- What you should do
Emit a verbatim copy of the lines below from the line with "Aan deze elementen" through the line with "Вземете най-мощния и", excluding pictures and everything outside that range.

- Data records
★ ★ ★ ★ ★ ★ ★

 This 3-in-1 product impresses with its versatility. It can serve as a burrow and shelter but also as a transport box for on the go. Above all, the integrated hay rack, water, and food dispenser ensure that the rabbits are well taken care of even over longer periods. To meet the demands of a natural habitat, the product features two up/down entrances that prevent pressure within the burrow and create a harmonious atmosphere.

★ ★ ★ ★ ★ ★ ★

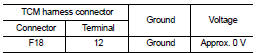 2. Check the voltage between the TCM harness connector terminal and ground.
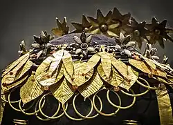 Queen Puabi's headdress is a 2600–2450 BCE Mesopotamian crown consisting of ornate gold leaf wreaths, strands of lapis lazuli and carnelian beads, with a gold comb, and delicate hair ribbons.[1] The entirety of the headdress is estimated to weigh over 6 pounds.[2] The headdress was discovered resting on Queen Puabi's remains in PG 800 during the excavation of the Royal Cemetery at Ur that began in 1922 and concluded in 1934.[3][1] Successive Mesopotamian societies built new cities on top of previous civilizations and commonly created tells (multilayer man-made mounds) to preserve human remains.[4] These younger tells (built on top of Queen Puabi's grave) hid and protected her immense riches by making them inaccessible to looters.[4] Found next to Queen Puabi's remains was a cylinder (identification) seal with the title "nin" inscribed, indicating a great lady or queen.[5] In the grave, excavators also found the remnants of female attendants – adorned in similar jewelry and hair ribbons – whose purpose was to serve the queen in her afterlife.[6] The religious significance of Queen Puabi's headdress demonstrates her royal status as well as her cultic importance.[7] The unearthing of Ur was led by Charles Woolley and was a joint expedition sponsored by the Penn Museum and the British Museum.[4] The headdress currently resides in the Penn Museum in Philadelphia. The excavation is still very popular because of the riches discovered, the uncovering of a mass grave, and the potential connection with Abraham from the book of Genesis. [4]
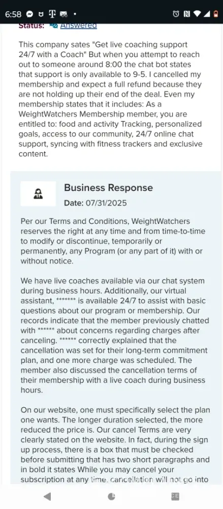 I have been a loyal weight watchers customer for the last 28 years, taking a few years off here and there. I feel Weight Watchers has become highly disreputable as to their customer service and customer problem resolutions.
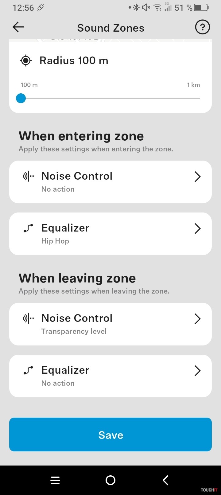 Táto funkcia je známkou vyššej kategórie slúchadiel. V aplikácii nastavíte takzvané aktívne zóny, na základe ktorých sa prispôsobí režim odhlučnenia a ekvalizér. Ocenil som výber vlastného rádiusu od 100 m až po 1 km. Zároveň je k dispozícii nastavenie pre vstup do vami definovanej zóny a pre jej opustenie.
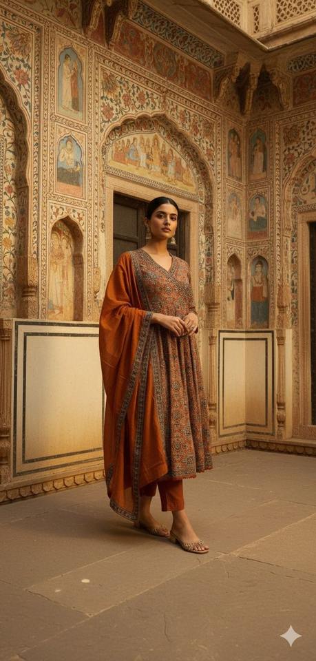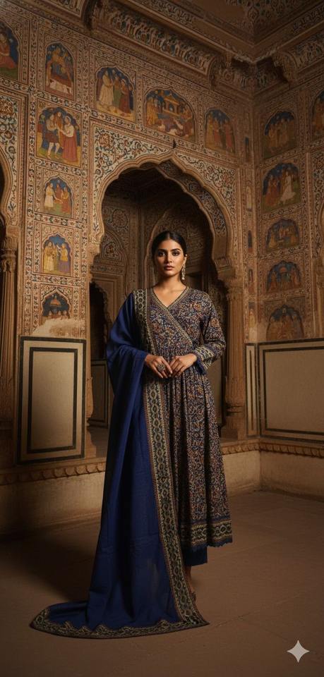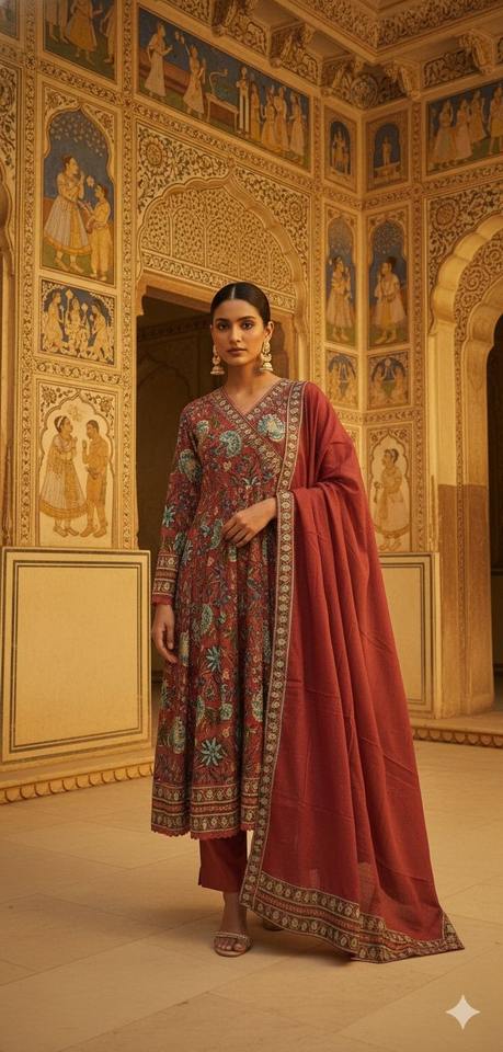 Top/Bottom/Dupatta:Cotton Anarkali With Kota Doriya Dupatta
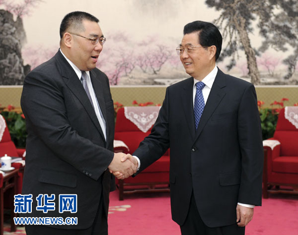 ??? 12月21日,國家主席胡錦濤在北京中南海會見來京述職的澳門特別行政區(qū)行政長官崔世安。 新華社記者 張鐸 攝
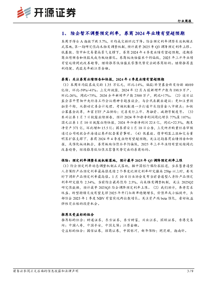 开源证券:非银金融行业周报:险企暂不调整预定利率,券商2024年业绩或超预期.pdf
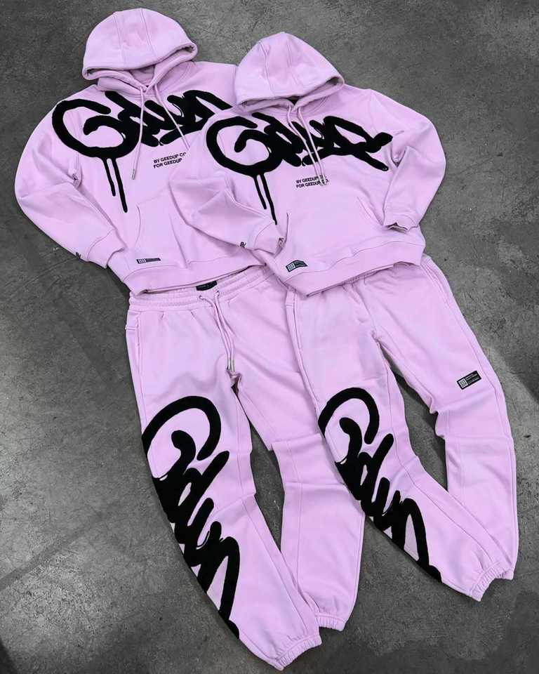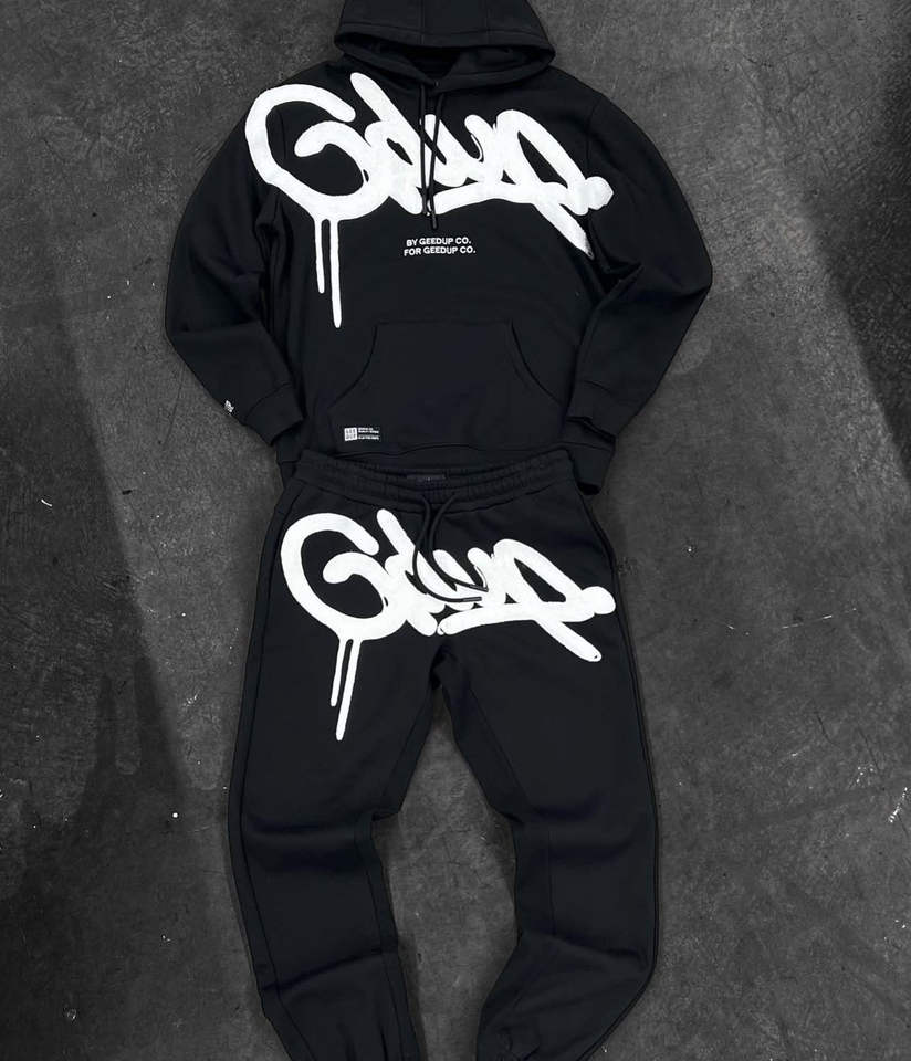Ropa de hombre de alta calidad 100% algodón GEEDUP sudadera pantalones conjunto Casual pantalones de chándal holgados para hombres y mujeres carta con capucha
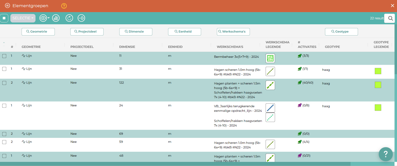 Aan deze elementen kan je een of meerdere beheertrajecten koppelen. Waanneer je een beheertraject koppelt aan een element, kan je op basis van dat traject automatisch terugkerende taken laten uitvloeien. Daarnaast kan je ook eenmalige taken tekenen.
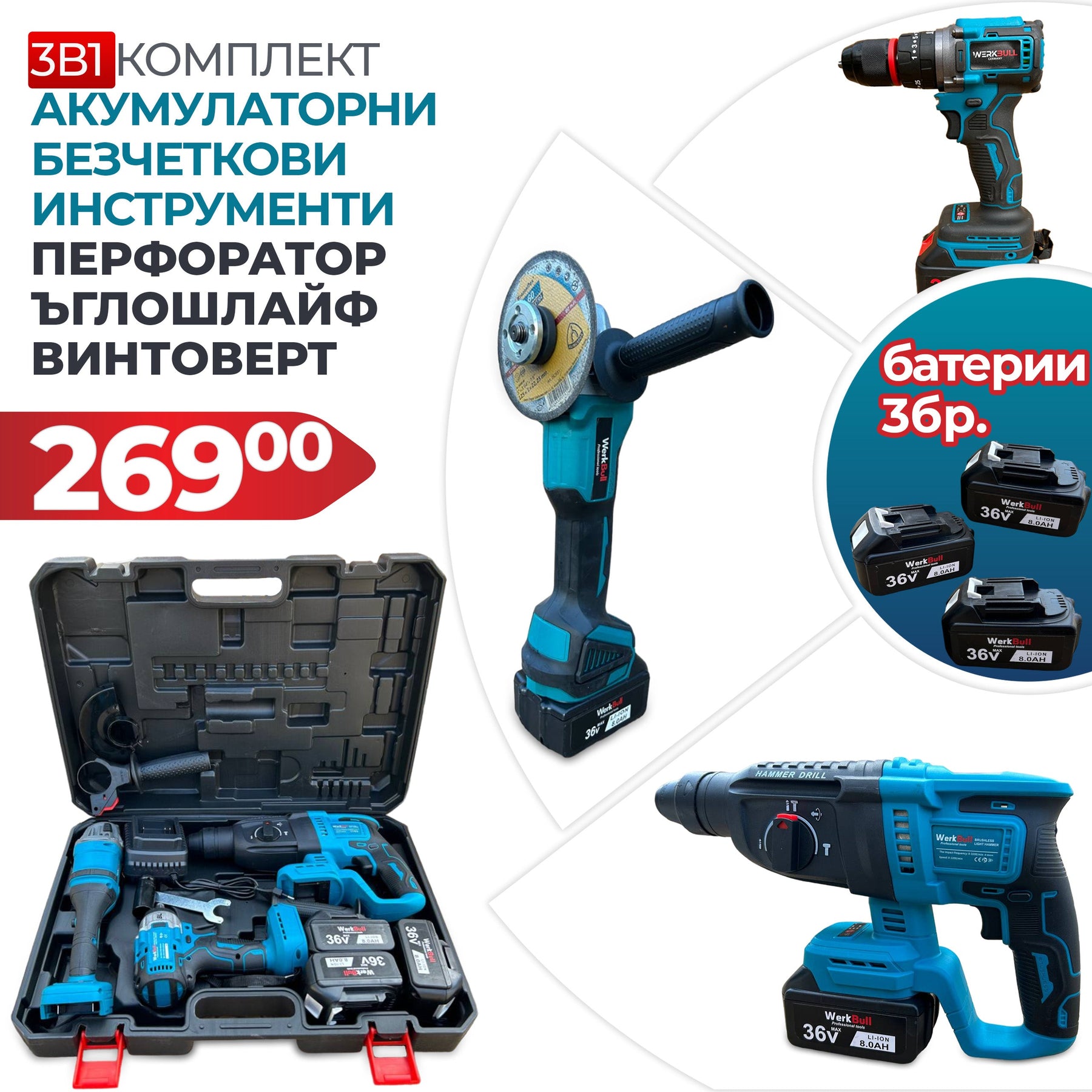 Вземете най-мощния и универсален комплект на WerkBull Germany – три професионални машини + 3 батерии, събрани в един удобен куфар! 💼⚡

★ ★ ★ ★ ★ ★ ★

- Answer to the problem
 Aan deze elementen kan je een of meerdere beheertrajecten koppelen. Waanneer je een beheertraject koppelt aan een element, kan je op basis van dat traject automatisch terugkerende taken laten uitvloeien. Daarnaast kan je ook eenmalige taken tekenen.
 Вземете най-мощния и универсален комплект на WerkBull Germany – три професионални машини + 3 батерии, събрани в един удобен куфар! 💼⚡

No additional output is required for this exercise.